Unicode Text Compression
&
Intended Audience: |
Software Engineers |
Session Level: |
Intermediate |
Since the introduction of Unicode, the world of text processing has been
continually wrestling with the notion of a single unifying character set.
In the past it was common to find large ranges of small character sets in
text files. Text processing, however, is evolving to a world in which small
ranges of a single large character set are used. Using subsets of a large
character set naturally invites compression. We observe that compression is
just another form of encoding textual data.
The Unicode standard provides several algorithms, techniques, and
strategies for assigning, transmitting, and compressing (e.g., Standard
Compression Scheme for Unicode) Unicode characters. These techniques allow
Unicode data to be represented in a concise format under several contexts.
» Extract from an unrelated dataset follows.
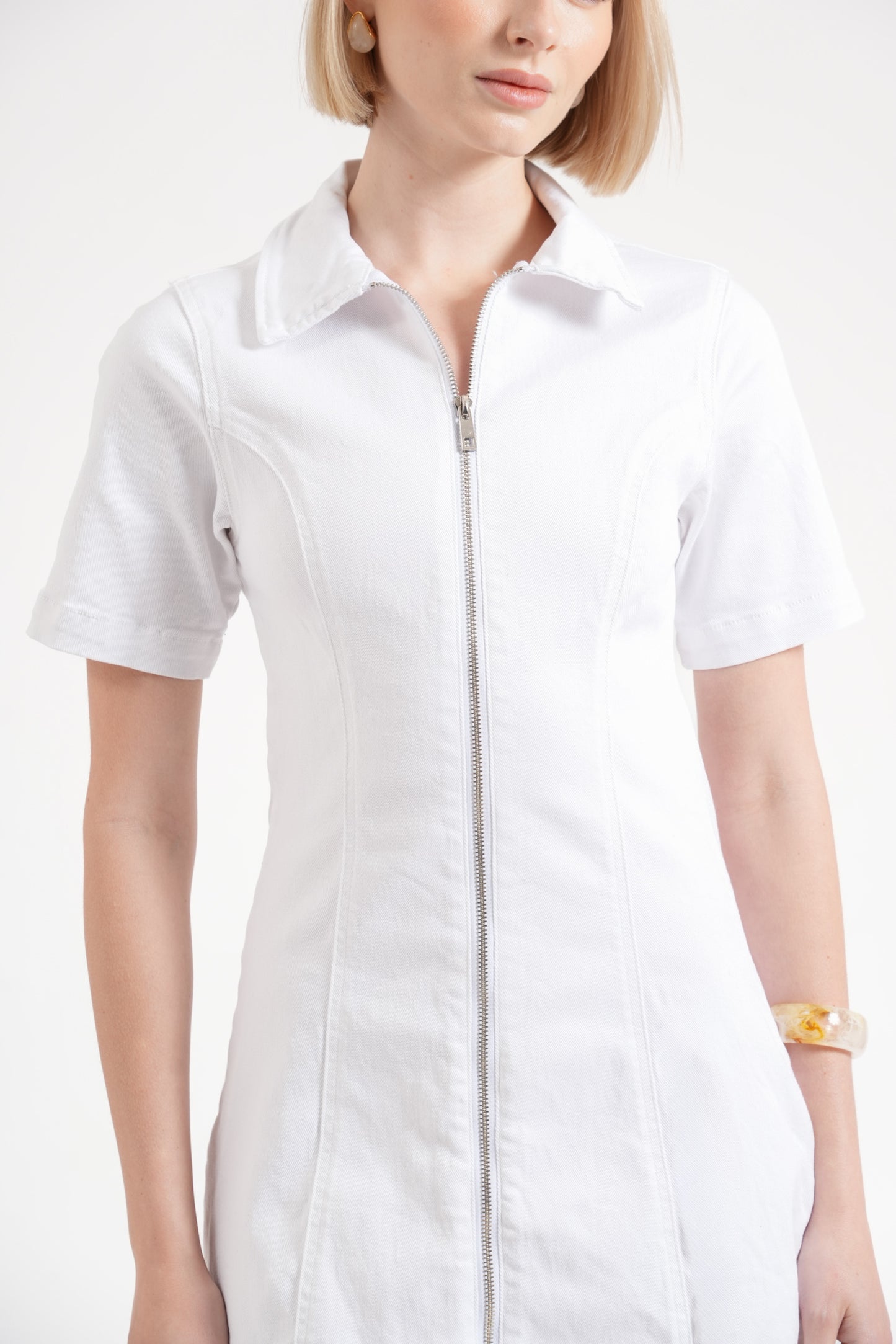 T3582 Cherie Denim Mini Dress White

We study the compression and representation of Unicode data in a unifying
framework.
In this paper we examine several techniques and strategies for compressing
Unicode data: gzip, bzip, pkzip, and Huffman. We find that these algorithms
do not perform equally on the various Unicode transmission forms (e.g.,
UTF-16BE, UTF-16LE, and UTF-8). Nevertheless, the intrinsic information
content in a Unicode file is the same regardless of the encoding. We show
that by using simple transliteration and transcoding techniques we are able
to achieve compression results that compare favorably to algorithms
designed for specific Unicode encodings. We argue that specific and complex
algorithms for compressing Unicode data are unnecessary.
|